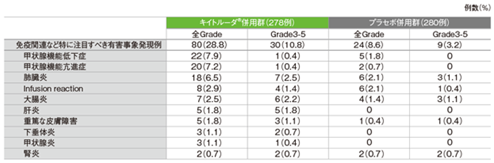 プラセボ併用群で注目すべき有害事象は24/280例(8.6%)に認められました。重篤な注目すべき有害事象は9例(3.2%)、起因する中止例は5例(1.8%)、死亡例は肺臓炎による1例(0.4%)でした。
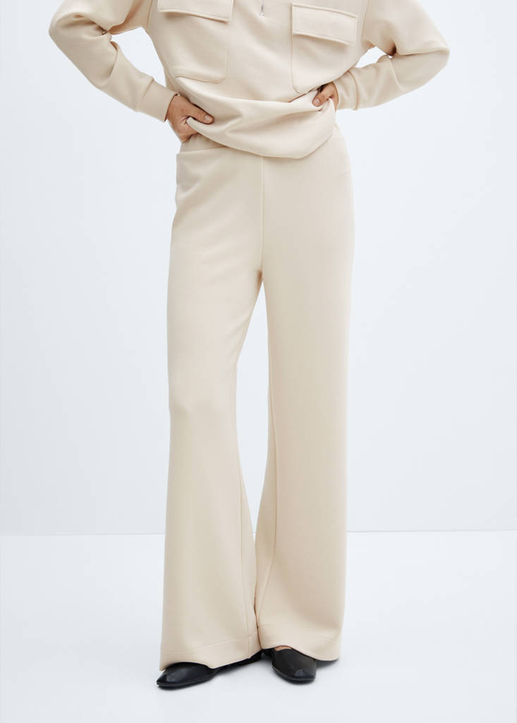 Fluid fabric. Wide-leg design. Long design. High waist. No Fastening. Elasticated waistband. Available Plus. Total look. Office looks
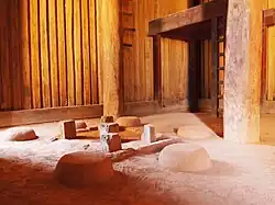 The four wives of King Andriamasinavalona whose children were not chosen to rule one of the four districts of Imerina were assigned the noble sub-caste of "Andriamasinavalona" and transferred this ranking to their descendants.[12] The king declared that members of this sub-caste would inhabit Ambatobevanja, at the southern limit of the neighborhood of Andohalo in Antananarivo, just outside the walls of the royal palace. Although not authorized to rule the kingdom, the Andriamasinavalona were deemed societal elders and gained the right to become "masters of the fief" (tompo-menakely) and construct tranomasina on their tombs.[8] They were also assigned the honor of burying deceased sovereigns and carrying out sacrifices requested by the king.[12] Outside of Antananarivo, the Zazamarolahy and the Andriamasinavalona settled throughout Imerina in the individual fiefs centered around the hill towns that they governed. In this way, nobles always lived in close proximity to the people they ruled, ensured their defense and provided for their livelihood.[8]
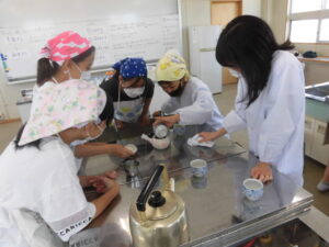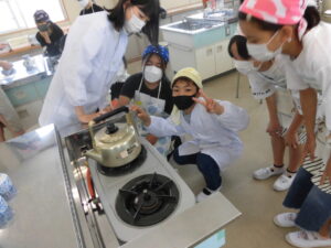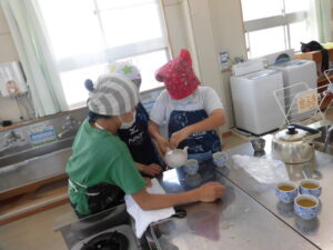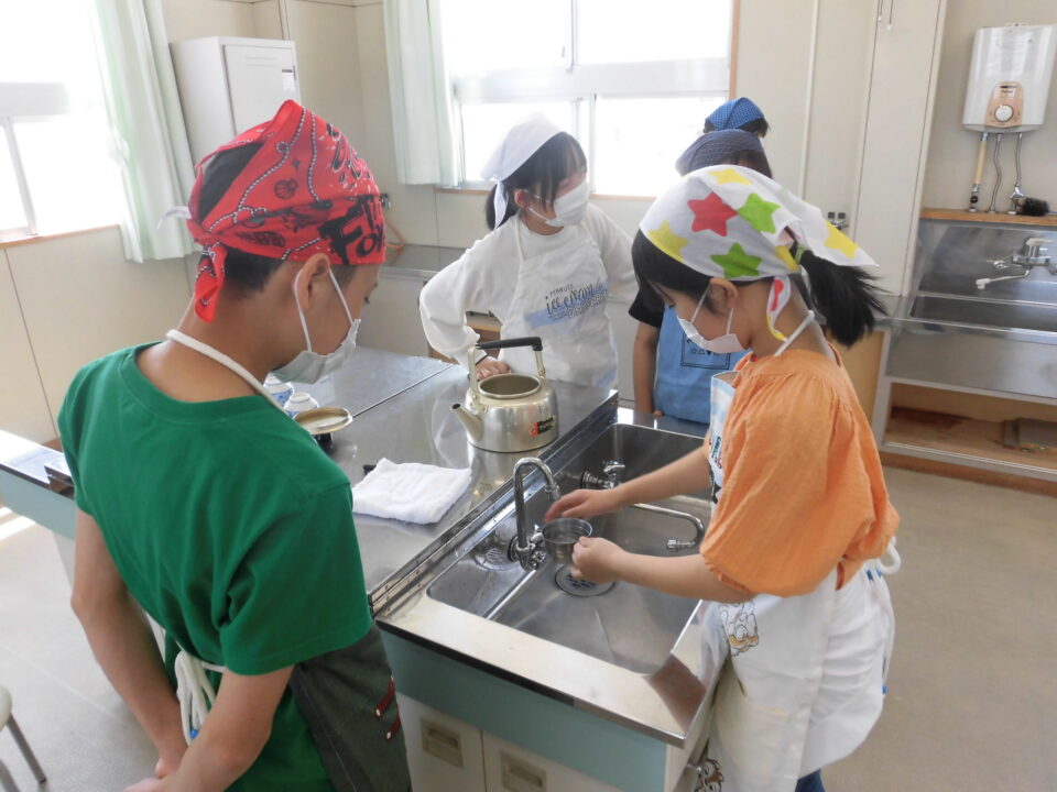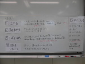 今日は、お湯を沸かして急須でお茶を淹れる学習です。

----

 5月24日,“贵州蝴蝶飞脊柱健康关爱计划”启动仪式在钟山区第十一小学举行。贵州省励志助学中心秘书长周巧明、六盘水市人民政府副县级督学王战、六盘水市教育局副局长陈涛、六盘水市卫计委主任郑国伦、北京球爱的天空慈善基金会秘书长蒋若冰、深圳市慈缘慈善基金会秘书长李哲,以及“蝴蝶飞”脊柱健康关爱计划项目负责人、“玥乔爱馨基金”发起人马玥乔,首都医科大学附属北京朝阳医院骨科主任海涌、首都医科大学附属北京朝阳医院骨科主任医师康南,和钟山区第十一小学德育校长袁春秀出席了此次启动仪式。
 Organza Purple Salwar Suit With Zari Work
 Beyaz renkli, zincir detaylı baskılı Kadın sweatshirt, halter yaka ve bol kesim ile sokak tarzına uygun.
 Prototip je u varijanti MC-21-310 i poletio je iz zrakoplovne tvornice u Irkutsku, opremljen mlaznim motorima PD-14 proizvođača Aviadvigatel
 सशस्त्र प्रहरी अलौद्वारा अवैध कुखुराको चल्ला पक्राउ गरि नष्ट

----

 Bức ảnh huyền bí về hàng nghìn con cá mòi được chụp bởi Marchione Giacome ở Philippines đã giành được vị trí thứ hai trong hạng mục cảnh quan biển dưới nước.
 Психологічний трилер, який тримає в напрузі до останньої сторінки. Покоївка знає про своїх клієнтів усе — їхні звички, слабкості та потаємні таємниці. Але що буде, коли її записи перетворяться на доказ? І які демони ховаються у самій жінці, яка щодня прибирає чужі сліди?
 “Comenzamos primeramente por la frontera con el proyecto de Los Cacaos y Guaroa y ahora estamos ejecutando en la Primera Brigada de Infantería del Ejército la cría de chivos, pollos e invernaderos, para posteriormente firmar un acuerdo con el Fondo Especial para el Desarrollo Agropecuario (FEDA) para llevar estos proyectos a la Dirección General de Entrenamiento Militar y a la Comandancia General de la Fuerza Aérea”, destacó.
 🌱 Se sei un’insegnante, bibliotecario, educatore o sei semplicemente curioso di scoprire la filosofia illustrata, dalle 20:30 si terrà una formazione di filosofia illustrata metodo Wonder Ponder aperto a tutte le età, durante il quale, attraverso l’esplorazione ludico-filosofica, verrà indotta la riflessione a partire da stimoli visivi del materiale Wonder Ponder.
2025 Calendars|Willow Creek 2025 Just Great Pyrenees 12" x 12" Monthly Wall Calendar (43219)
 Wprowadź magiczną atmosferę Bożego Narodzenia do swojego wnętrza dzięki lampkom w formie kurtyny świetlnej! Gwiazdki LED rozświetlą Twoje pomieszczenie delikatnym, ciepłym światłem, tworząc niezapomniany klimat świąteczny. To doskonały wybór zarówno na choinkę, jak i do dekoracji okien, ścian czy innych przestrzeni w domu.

----

Your answer should be the lines above, word for word, from the line with "プラセボ併用群で注目すべき有" through the line with "Fluid fabric. Wide-leg", minus the pictures.

* _Answer space_:
 プラセボ併用群で注目すべき有害事象は24/280例(8.6%)に認められました。重篤な注目すべき有害事象は9例(3.2%)、起因する中止例は5例(1.8%)、死亡例は肺臓炎による1例(0.4%)でした。
 Fluid fabric. Wide-leg design. Long design. High waist. No Fastening. Elasticated waistband. Available Plus. Total look. Office looks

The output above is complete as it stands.